A decisão do STF, porém, está longe de encerrar a polêmica sobre o assunto, na medida em que a escolha da religião que será lecionada fica a cargo de estados e municípios, que administram uma rede cuja capilaridade dificulta a fiscalização, abrindo espaço para proselitismos. Conforme publicou O GLOBO na última quinta-feira, dados divulgados pelo site Qedu mostram que, em 54% das escolas de ensino fundamental públicas do país em que são ministradas aulas de religião, elas são obrigatórias, o que contraria a legislação.
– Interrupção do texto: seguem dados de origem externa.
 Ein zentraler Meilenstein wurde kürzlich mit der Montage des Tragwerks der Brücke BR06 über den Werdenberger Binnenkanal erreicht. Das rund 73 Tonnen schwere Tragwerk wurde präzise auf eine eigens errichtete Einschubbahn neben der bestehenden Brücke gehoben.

A Lei de Diretrizes e Bases da Educação de fato permite o ensino religioso na etapa fundamental, mas desde que a matrícula não seja obrigatória e não haja qualquer forma de proselitismo, de modo a assegurar a diversidade religiosa. Ou seja, independentemente do credo, ele só pode ser ensinado em sala de aula por seus aspectos culturais e históricos, nunca como catequese.
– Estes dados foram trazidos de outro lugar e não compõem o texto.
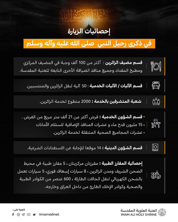 أعلنت العتبة العلوية المقدسة، اليوم الاحد، اعداد المشاركين بإحياء ذكرى المبعث النبوي الشريف.
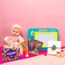 Product Details: - Annie Brothers Doll - Drawing Board - Cadbury Gems 25.28g - Magic Pop (5.5g x 3 pcs) - Krishna Rakhi - Complimentary Rakhi with Message Card - Free Roli Tika N Chawal (Design Code: KRKRI5691) Celebrate the spirit of Raksha Bandhan with this charming gift combo that blends tradition with fun. Featuring a delightful Annie Brothers Doll and an engaging Drawing Board, this set is perfect for sparking creativity and joy in little ones. To sweeten the celebration, it includes a pack of colorful Cadbury Gems (25.28g) and three fizzy Magic Pop treats (5.5g each), sure to excite young taste buds. At the heart of this gift is a beautifully crafted Krishna Rakhi that symbolizes love, protection, and tradition. A complimentary Rakhi with a heartfelt message card adds a special touch, making it a memorable keepsake. The set also includes free Roli Tika and Chawal, ensuring that every traditional ritual is honored with sincerity. (Design Code: KRKRI5691)
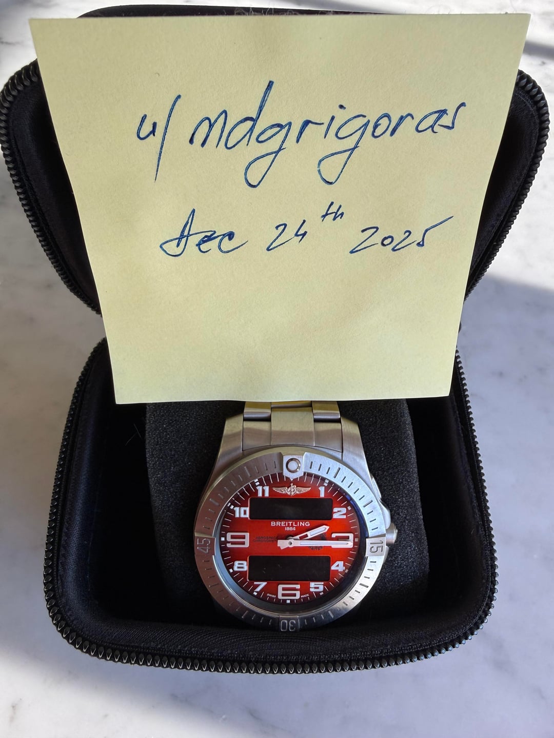 [WTS] Breitling Aerospace Orbiter 3 Special Edition – Complete Set – Freshly Serviced 📍 Location: New York, NY 💵 Price: $3499 shipped CONUS (Net to me) 📅 Timestamp: https://imgur.com/gallery/o3ts-JqObtCS Up for sale is my Breitling Aerospace Orbiter 3 Special Edition, offered as a complete set and freshly serviced by Breitling. This is a unique piece celebrating the historic Orbiter 3 flight. **Watch Details** • Model: Breitling Aerospace Orbiter 3 Special Edition • Titanium case, digital + analog functions • SuperQuartz movement (accurate + reliable) • Full functions working perfectly **Condition** • Very Good (only some scratches/scuffs on the bracelet clasp) • Fresh Breitling service completed — service docs included • Bracelet excellent with minimal wear **Included** • Breitling Aerospace Orbiter 3 watch • Full accessories: boxes, booklets, service paperwork, original warranty + paperwork, etc • All bracelet links **Shipping / Payment** • CONUS priority insured shipping included • Payments: Zelle, Wire, PayPal F&F (Venmo gift as applicable) • No trades, please Happy to answer questions or provide additional photos! 🫡

O artigo 19 da Constituição Federal é claro ao estabelecer que é vedado “estabelecer cultos religiosos ou igrejas, subvencioná-los, embaraçar-lhes o funcionamento ou manter com eles ou seus representantes relações de dependência ou aliança (...)”. Aliás, a separação entre Estado e Igreja remonta à Constituição de 1891 — a segunda do país —, que entrou em vigor após a Proclamação da República.
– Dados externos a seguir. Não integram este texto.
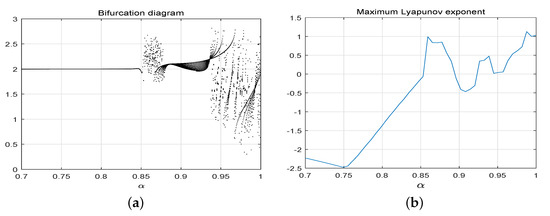 For the purpose of analyzing the effect of the fractional-order , the parameters are chosen as , and the step size is chosen as . Figure 5 illustrates the bifurcation diagram of the system for in the interval (0.7, 1). The system states are cyclic when . The system bifurcates at . The system states are chaotic when . The system states are in a doubled cycle when . The bifurcation occurs again at and remains chaotic thereafter. Correspondingly, the maximum Lyapunov exponent plot yields the same results as the bifurcation plot.
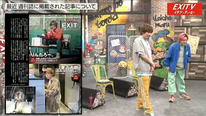 冒頭のフリートークでは、先月、週刊誌に掲載された記事について盛り上がった。「撮られちゃいましたね~。俺、終わったのかなと思いました」と兼近が笑顔で反応すると、りんたろー。は「そんな記事じゃないし」と笑いながら、2人がオフの日に撮られた実際の記事を紹介する。

Essa fissura no conceito de Estado laico já levanta discussões. A presidente executiva do Movimento Todos pela Educação, Priscila Cruz, mostra-se preocupada com os rumos da questão: “Podemos potencializar a liberdade religiosa e o sincretismo com um ensino que reconheça o papel da religião, mas não com a pregação de um credo específico”, afirmou ao GLOBO.
Na prática, joga-se de vez no ambiente escolar financiado pelo contribuinte, religioso ou não, catequeses e conflitos que já existem na sociedade: perseguições e intolerâncias. O problema se torna mais preocupante diante do fato de que grupos políticos religiosos já ocupam espaços no Legislativo e avançam em cargos no Executivo.
Na situação atual, o Brasil retrocede para antes da Revolução Francesa, quando Estado e Igreja foram separados.